The referendum in Ireland that saw 62% of the population vote for legalising same-sex marriages clearly demonstrates a major shift in society. The Ireland that we possibly think of as being largely Catholic and conservative, clearly isn’t.
The shift in attitudes is happening around the world. It is a dramatic time in terms of changes in our understanding of morality.
A question for the church, of course, is whether it should follow suit or continue to stand where it always has. It is a question the Irish churches have anticipated. Their decision has been that they continue to believe that marriage is a relationship of one man and one woman.
The Presbyterian Church of Ireland, The Church of Ireland and the Catholic Church of Ireland have expressed their views following the referendum.
Essentially, they express disappointment and ongoing belief in traditional marriage. They call for tolerance and they say that it is a wake-up call indicating that the church needs to work much harder to speak to the younger generations.
In related news, a Christian Irish printer must face a complaint to the Equality Tribunal after refusing to print invitations to a civil partnership ceremony, and a Christian bakery has been found guilty of discrimination after refusing to make a cake with a slogan promoting gay marriage.
Central to both of these cases is that the businesses had not discriminated on the basis of their customer’s sexuality. They had served them in the past. They had simply refused to be part of something that was contrary to their consciences.

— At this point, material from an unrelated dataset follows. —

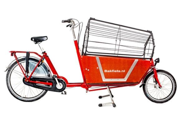 Deze bakfiets met open hondenrek (ruif) is perfect voor frisse en veilige ritten met je hond — ideaal voor energieke viervoeters die graag hun kop in de wind steken.

A Canadian jeweler agreed to make engagement rings for a lesbian couple but they asked for their money back when they later discovered that he believes marriage is a relationship between a man and a woman. They believed their rings were “tainted”. It wasn’t that he had refused them service – simply that he had expressed his Christian beliefs (and not to them) which they found offensive. These cases raise all sorts of questions about freedom of belief and freedom of speech. It is an interesting time to be a Christian.